Let's solve the questions step by step:
1. a. To calculate the theoretical yield, we need to use the stoichiometric ratio between benzene and chlorobenzene from the balanced equation.
According to the balanced equation:
1 mole C6H6 reacts with 1 mole C6H5Cl
We can calculate the molar mass of C6H6 as follows:
C6H6 = 6(12.01 g/mol) + 6(1.01 g/mol) = 78.11 g/mol
Now, we can calculate the moles of C6H6:
moles of C6H6 = mass of C6H6 / molar mass of C6H6
moles of C6H6 = 45.6 g / 78.11 g/mol ≈ 0.584 mol
Since the stoichiometric ratio of C6H6 to C6H5Cl is 1:1, the theoretical yield of C6H5Cl is also 0.584 mol.
To find the mass of C6H5Cl, we need to use its molar mass:
C6H5Cl = 2(12.01 g/mol) + 1(1.01 g/mol) + 1(35.45 g/mol) = 112.56 g/mol
Therefore, the theoretical yield of C6H5Cl is:
theoretical yield = moles of C6H5Cl × molar mass of C6H5Cl
theoretical yield = 0.584 mol × 112.56 g/mol ≈ 65.73 g
b. The percent yield can be calculated using the formula:
percent yield = (actual yield / theoretical yield) × 100%
Given that the actual yield is 63.7 g, and the theoretical yield is 65.73 g (as calculated above), we can substitute these values into the formula to find the percent yield:
percent yield = (63.7 g / 65.73 g) × 100%
percent yield ≈ 96.9%
Therefore, the percent yield of chlorobenzene is approximately 96.9%.
2. a.

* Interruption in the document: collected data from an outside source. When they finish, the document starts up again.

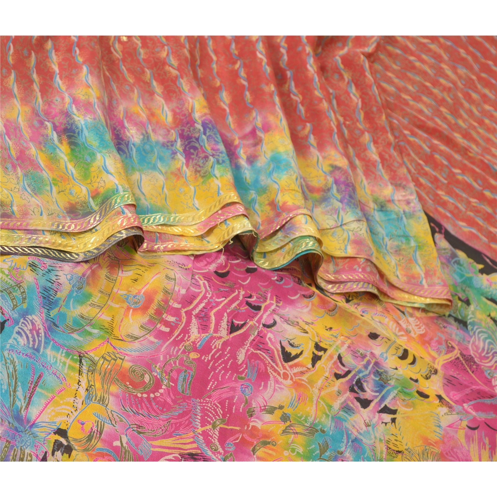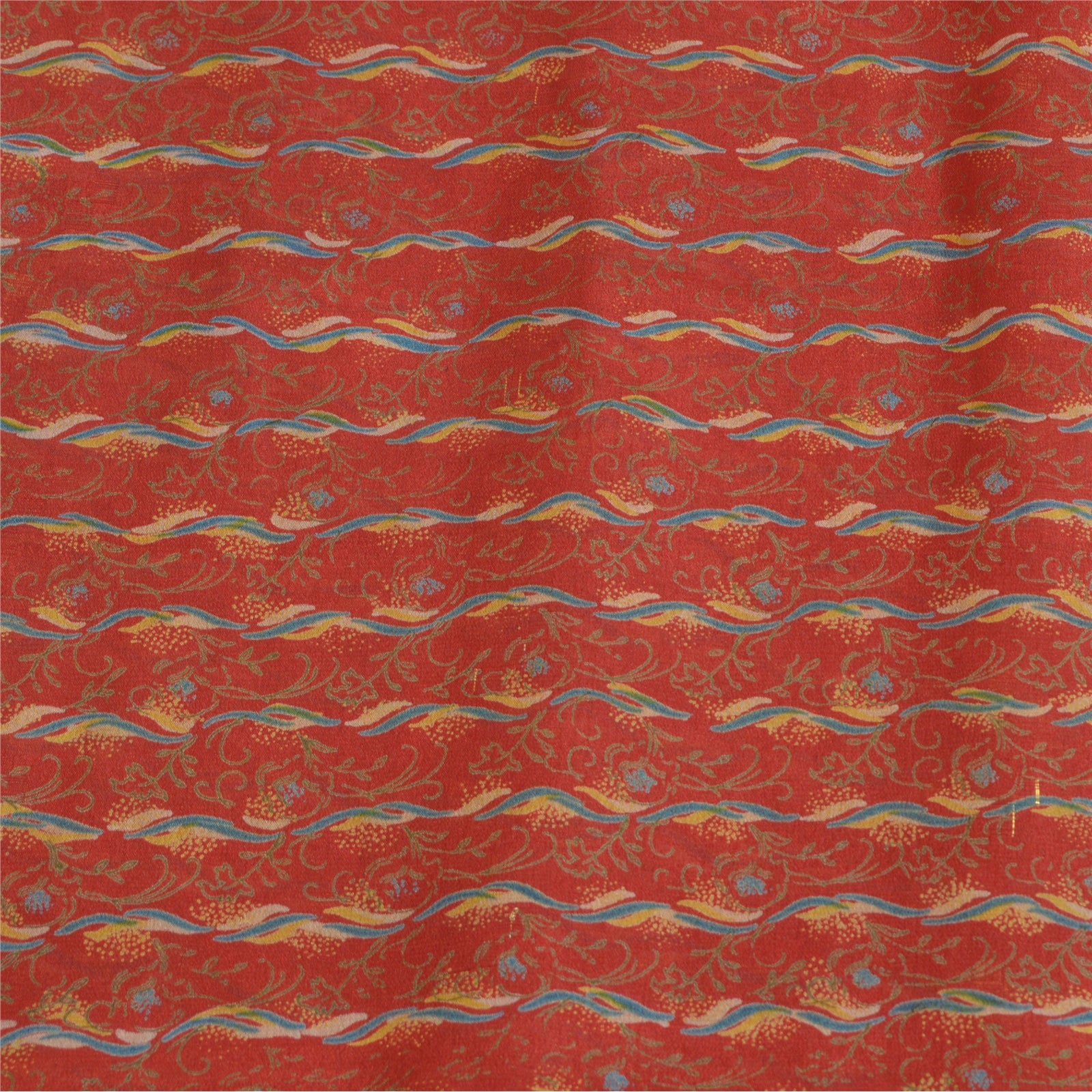 Sanskriti Vintage Sarees Red 100% Pure Silk Printed Woven Sari 5yd Craft Sustainable Fabric
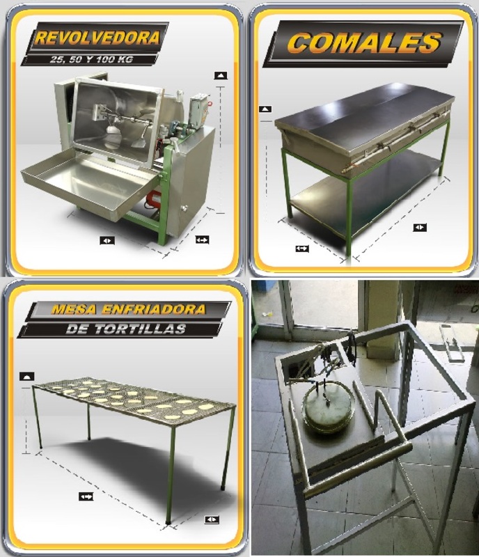 MaízRevolvedora de 25, 50 y 100 kg, fabricadas con tapas y charolas en acero inoxidable, PTR de 2", y cadena paso 50 reforzadas.
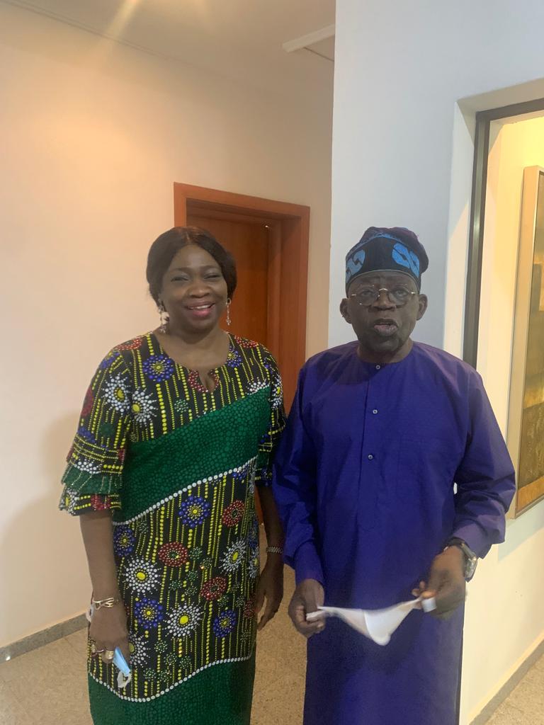 LR: Chairman, Nigerians in Diaspora Commission (NIDCOM) , Hon Abike Dabiri- Erewa and the National Leader, All Progressives Congress (APC), Asiwaju Bola Tinubu, during Dabiri-Erewa’s courtesy visit to Tinubu in Abuja … on Friday.
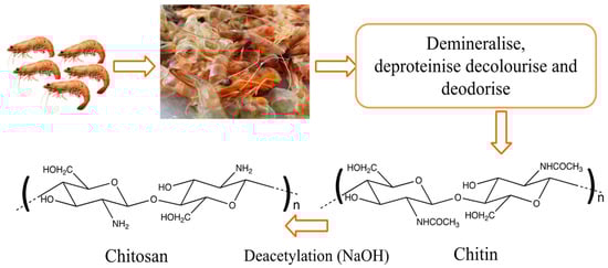 Chitosan is obtained by deacetylation of chitin in 40–45% sodium hydroxide, as shown in the sketch of Figure 2. The alkaline treatments hydrolyse the acetyl groups and transform the N–acetyl–d–glucosamine units into d–glucosamine units with free NH2 groups [15]. Chitosan, with different degrees of deacetylation, is generated depending on the reaction temperature, time, and concentration of the alkaline solution [43]. An additional purification step can be performed to obtain high purity chitosan. For this, the deacetylated product is dissolved in acid, centrifuged or filtered, and the chitosan is precipitated through the addition of alkali generating pure chitosan (90–95%) in paste form. These steps can be repeated to obtain higher purity chitosan (purity >99.9%) [15,23].
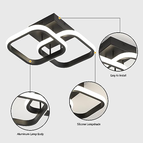 Perfect Design:Black Modern ceiling light fixture uses two simple black square designs, the Angle of the two squares of the led ceiling light overlap together, adding a three-dimensional beauty to the hallway light fixtures. The modern led ceiling light black design adds the features of modern light fixture and industrial light fixture.
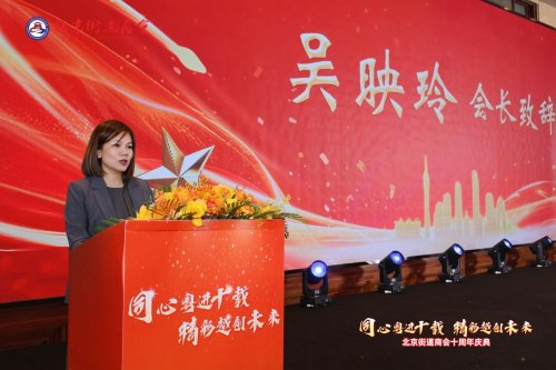 庆典在庄严的国歌声中正式开幕。北京街道商会会长吴映玲在致辞中回顾了商会十年来的工作成果,并对各级领导、会员单位及社会各界长期以来的支持表示感谢。会长指出,商会始终秉持服务宗旨,积极发挥桥梁纽带作用,助力企业成长与区域经济协同发展。随后,商会主管单位北京街领导发表讲话,充分肯定了商会在促进政企沟通、推动产业融合、履行社会责任等方面取得的显著成效,并对商会未来继续深化服务、创新发展提出了期望与要求。
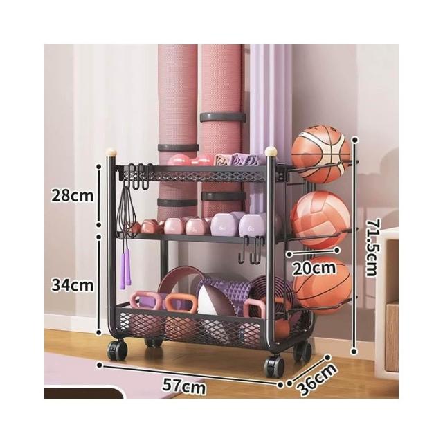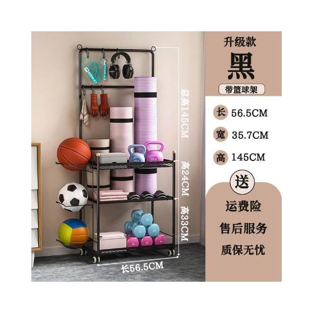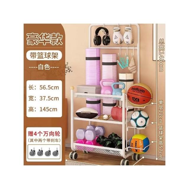 廠家健身器材收納架瑜伽墊籃帶輪籃球置物架家庭多功能運動用品收
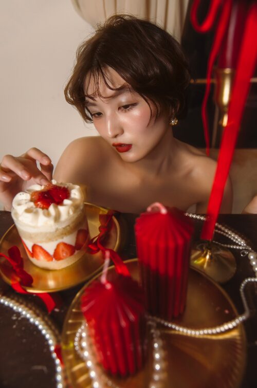 唇には、熟した果実を思わせる深紅を。 一見、完璧に整えられたお人形(ドール)のようでいて、その奥には誰も縛ることのできない「大人の意志」が静かに息づいています。

To calculate the percent yield of sulfur dioxide, we need to use the same formula as before:
percent yield = (actual yield / theoretical yield) × 100%
Given that the actual yield is 40.5 g of SO2, we need to calculate the theoretical yield of SO2.
According to the balanced equation, the stoichiometric ratio of CS2 to SO2 is 1:2. Therefore, the moles of SO2 can be calculated as:
moles of SO2 = moles of CS2 × 2
First, we need to calculate the moles of CS2:
moles of CS2 = mass of CS2 / molar mass of CS2
moles of CS2 = 25.0 g / 76.14 g/mol ≈ 0.328 mol
Now, we can calculate the moles of SO2:
moles of SO2 = 0.328 mol × 2 = 0.656 mol
To find the theoretical yield of SO2, we multiply the moles of SO2 by its molar mass:
theoretical yield = moles of SO2 × molar mass of SO2
theoretical yield = 0.656 mol × (32.07 g/mol) ≈ 21.02 g
Finally, we can substitute the values and calculate the percent yield:
percent yield = (40.5 g / 21.02 g) × 100%
percent yield ≈ 192.5%
Hence, the percent yield of sulfur dioxide is approximately 192.5%.

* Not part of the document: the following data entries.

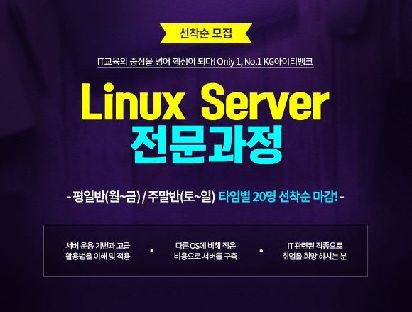 고민이신분들이라면 KG아이티뱅크 리눅스교육받아보세요.
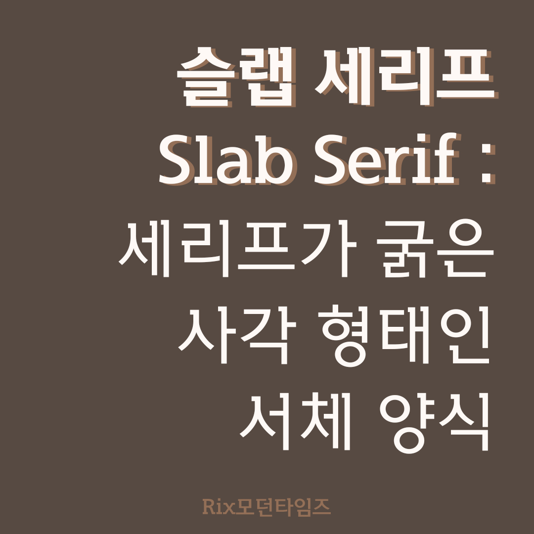 슬랩 세리프는 위와 같이 글자와 기호를 이루는 획의 일부 끝이 돌출된 세리프가 굵은 사각 형태의 모습을 보이는 서체 스타일입니다. 기존의 슬랩 세리프 서체들과 다르게 Rix도로롱슬랩은 각이 진 부분을 부드럽게 굴려 제작되었습니다.
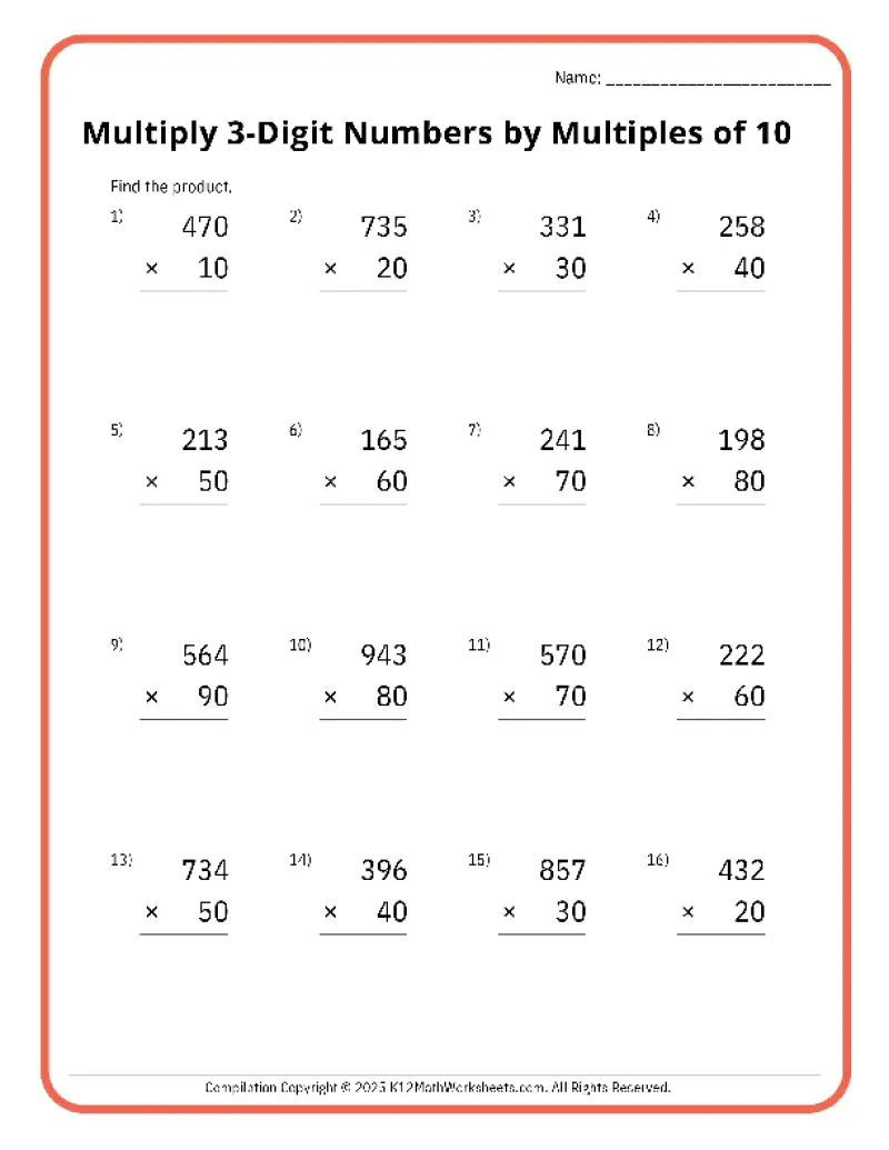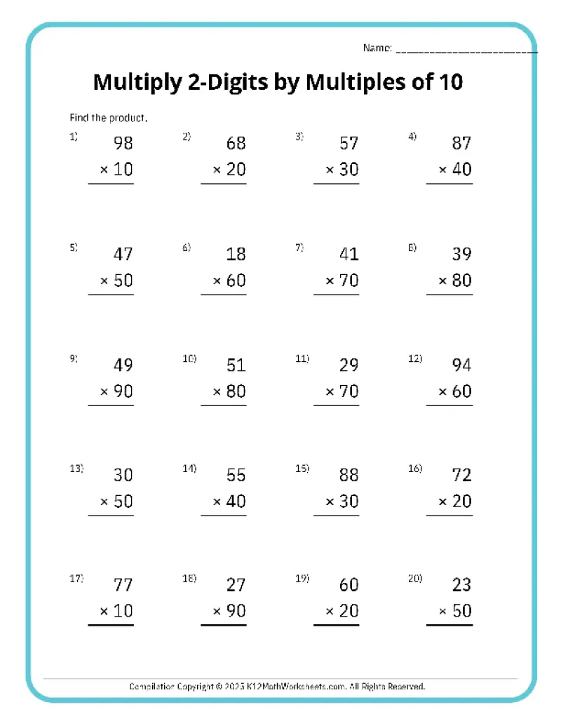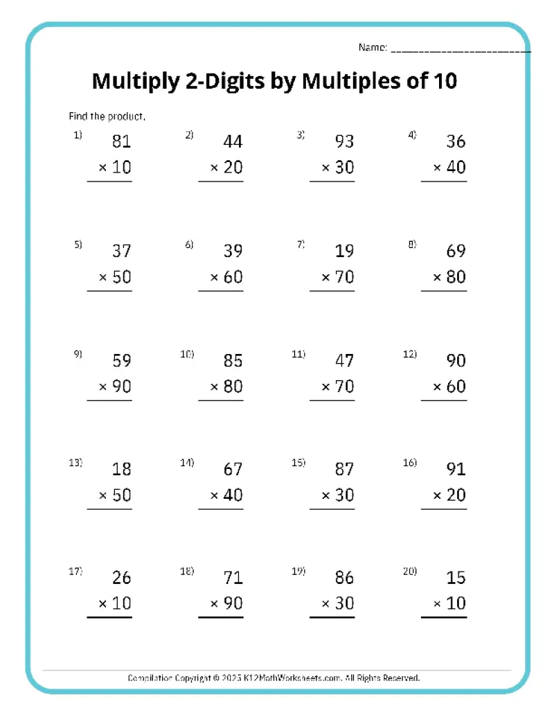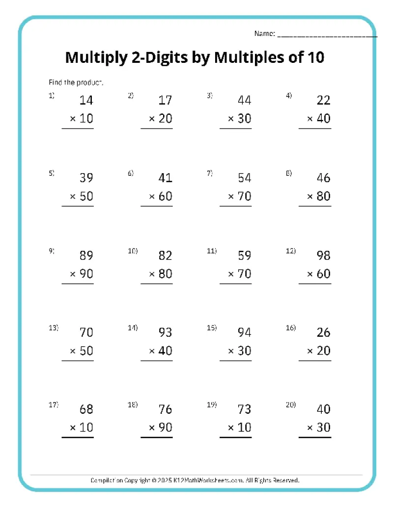 Topics include 2-digit by 1-digit multiplication, 2-digit by 2-digit multiplication, multiplying with whole tens, hundreds, and thousands (10, 100, 1,000), and 3-digit multiplication. Each worksheet is available in easy-to-print PDF format, making them perfect for classroom activities, homework assignments, or extra math practice at home. Help your 4th grader build confidence and accuracy in multiplication today!

b. To calculate the percent yield of carbon dioxide, we need to follow the same steps.
Given that 2.5 mol of oxygen react and produce 32.4 g of CO2, we can calculate the theoretical yield of CO2.
According to the balanced equation, the stoichiometric ratio of oxygen to CO2 is 3:1. Therefore, the moles of CO2 can be calculated as:
moles of CO2 = moles of oxygen / 3
First, we need to calculate the moles of oxygen:
moles of oxygen = 2.5 mol
Now, we can calculate the moles of CO2:
moles of CO2 = 2.5 mol / 3 ≈ 0.833 mol
To find the theoretical yield of CO2, we multiply the moles of CO2 by its molar mass:
theoretical yield = moles of CO2 × molar mass of CO2
theoretical yield = 0.833 mol × (44.01 g/mol) ≈ 36.64 g
Finally, we can substitute the values and calculate the percent yield:
percent yield = (32.4 g / 36.64 g) × 100%
percent yield ≈ 88.5%
Therefore, the percent yield of carbon dioxide is approximately 88.5%.